The prime minister said that under the EU’s most recent proposal on managing migration, Hungary would have to take in more than 10,000 people and counting family reunifications, its implementation would cost an annual 90 billion forints (EUR 286.6m) for the central budget.
Hungary is performing better today because “we didn’t let anyone strip us of the freedom to make decisions for ourselves,because we would be in dire straits if Brussels or the IMF made decisions of national importance,” he said.
The prime minister added that since his government came to power in 2010, the IMF has been “sent home”, Hungary paid off its loans to the IMF and the EU and the unemployment rate has dropped to 3.8 percent, with “full employment being at arm’s reach”. Also, the budget deficit has been kept below 3 percent over the past six years and public debt has been reduced, Orban added.
During this time, the government did not rely on the IMF, look to foreign models as examples to be followed or “bow to any threat”, he said. It instead reached an agreement with Hungarian employers and trade unions and has succeeded in raising the minimum wage by 90 percent since 2010, and doubled the minimum wage for skilled workers, Orban added.
“If Hungary can be protected”, maintaining an annual growth rate of 4 percent is feasible, as is to achieve full employment by 2022, Orban said.
The prime minister also gave an outline of central European infrastructure investment projects, including the upgrade of the Budapest-Belgrade railway line and plans to build high-speed rail lines to connect Budapest and Warsaw and Budapest and Cluj-Napoca (Kolozsvar).

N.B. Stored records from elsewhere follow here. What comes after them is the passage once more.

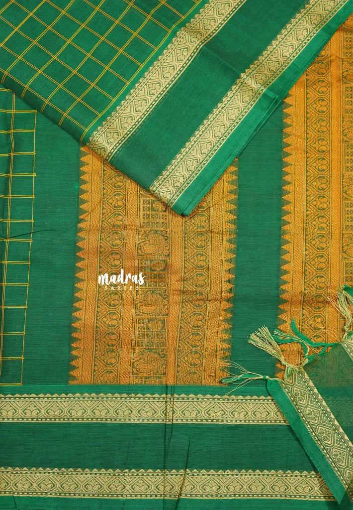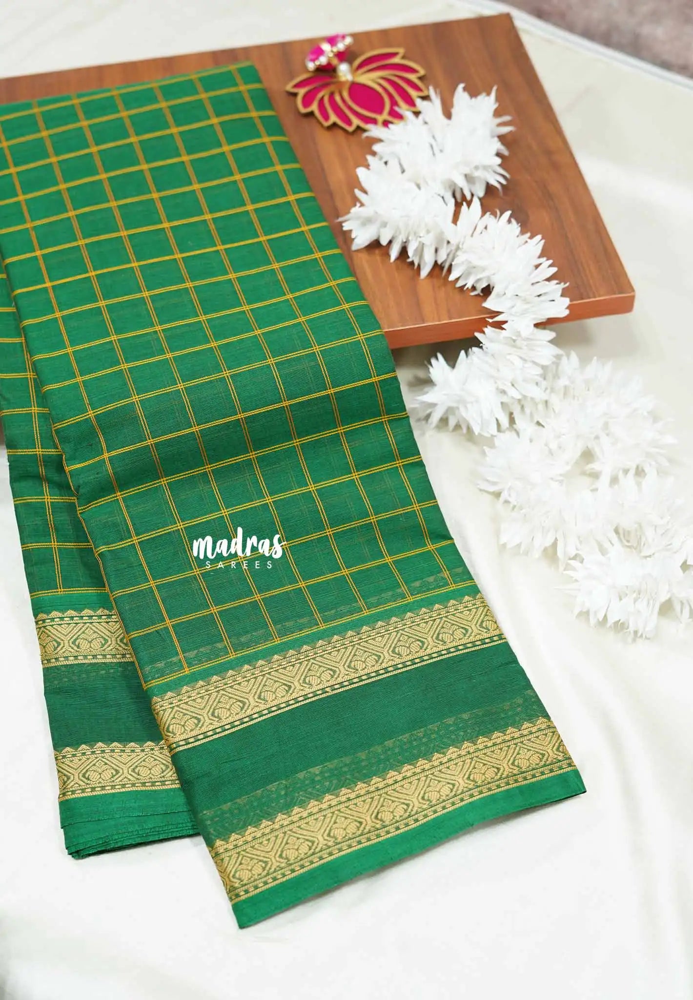 • Our curated collection showcases a variety of Korvai silk cotton Sarees in Kanchipuram, reflecting the cultural heritage of South India. Contrast Border with Rich Zari heavy Pallu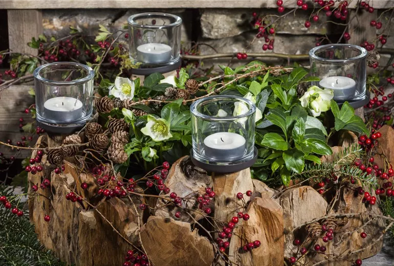 Anstelle des klassisch grünen Adventskranzes kann man auch aus Weinreben, wildem Hopfen oder anderen rankenden Pflanzen einen Kranz binden. Das kann – muss aber nicht – auch ohne einen Rohling geschehen, um dem Kranz eine gewisse Leichtigkeit zu verleihen. Der Phantasie sind hier kaum Grenzen gesetzt, außer dass aus Sicherheitsgründen auf einen guten Stand der Kerzen geachtet werden sollte. Als Kerzen eignen sich dafür zum Beispiel hohe schlanke Tafelkerzen, die in passende kleine Ständer gesteckt werden können. Beim Binden sollte direkt berücksichtigt werden, dass die Kerzenständer später noch standsicher einzuarbeiten sind. Alternativ zu den Tafelkerzen sind mit entsprechenden Steck- oder Klemmhaltern auch Baumkerzen oder Teelichte denkbar. Wer echte Kerzen nicht ständig beaufsichtigen will oder kann, der kann auf Echtwachs LED Adventskranzkerzen ausweichen. Die sind inzwischen sogar mit Flacker-Effekt und Fernbedienung erhältlich.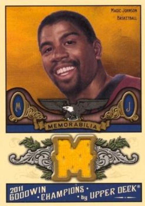 The Magic Johnson 2011 Upper Deck Goodwin Champions #M-JO Memorabilia card is 1 of 12 Magic Johnson's card variations in the 2011 Upper Deck Goodwin Champions set being tracked by Sports Card Investor, including Base, Mini, Mini Foil, Mini Black /49, and Mini Foil Magician Black /9.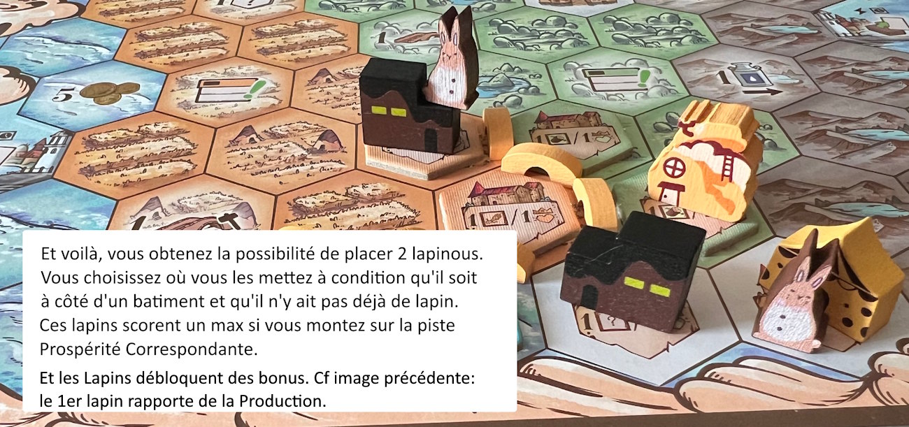 Les cartes apportent soit des bonus immédiats (principalement) soit des bonus quand vous passez (plus rarement). Il n’y a pas de pouvoir permanent. Ca déroute au début d’ailleurs. Les bonus immédiats sont en fait les actions citées ci-dessus et/ou le gain de ressources / tuiles / lapins…
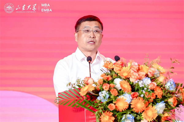 刘国亮祝贺全体新生加入山东大学这个温暖奋进的大家庭,山东大学建校122年来,始终坚守“为天下储人才,为国家图富强”的办学宗旨,恪守着“为国育贤”的初心,培养了总计各类优秀人才70余万,持续产出国际领先的重大科研成果,为服务国家富强、民族复兴、人民幸福作出了重要贡献。他表示,今天各位同学“百战归来再读书”,希望大家树立高远志向,传承“家国情怀、担当精神、崇实品格、创新素养”的山大基因,充分利用学校的各类资源平台,把握大局大势,把自身的发展放到“两个大局”中去思考、定位和谋划,努力成长为能够应对复杂多变环境的新时代卓越儒商,把个人的理想追求与中华民族的前途命运紧密联系在一起,以青春之我扛起时代之责。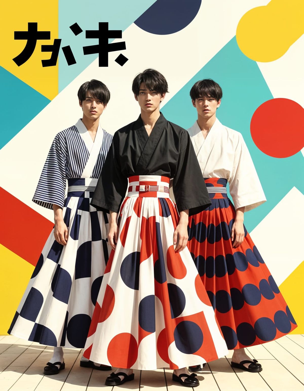 This image shows a Japanese fashion magazine cover featuring three young men modeling maxi skirts. The striking design incorporates a conceptual font and geometric background in a modern aesthetic.

Orban also mentioned plans to build under the next government cycle motorways connecting Miskolc in north-eastern Hungary and Kosice (Kassa) in eastern Slovakia and Pecs in southern Hungary with the Croatian border.
He stressed that the government would not draft an “election budget” insisting that the budget deficit would remain below 3 percent of GDP.
On the topic of unemployment, Orban said that if re-elected to a third consecutive term in office, he and his economic policymakers would work to ensure that Hungary has the second-lowest unemployment rate in Europe behind the Czech Republic.
In conclusion, Orban said that the four pillars of Hungary’s economic model were the country’s competitiveness, its labour-based economy and its demographic and identity policies.
He said it was important for Hungarian entrepreneurs that the next government’s economic policy represent the interests of Hungarian businesses. “The protection of our national independence is the alpha and omega of this [requirement],” he said.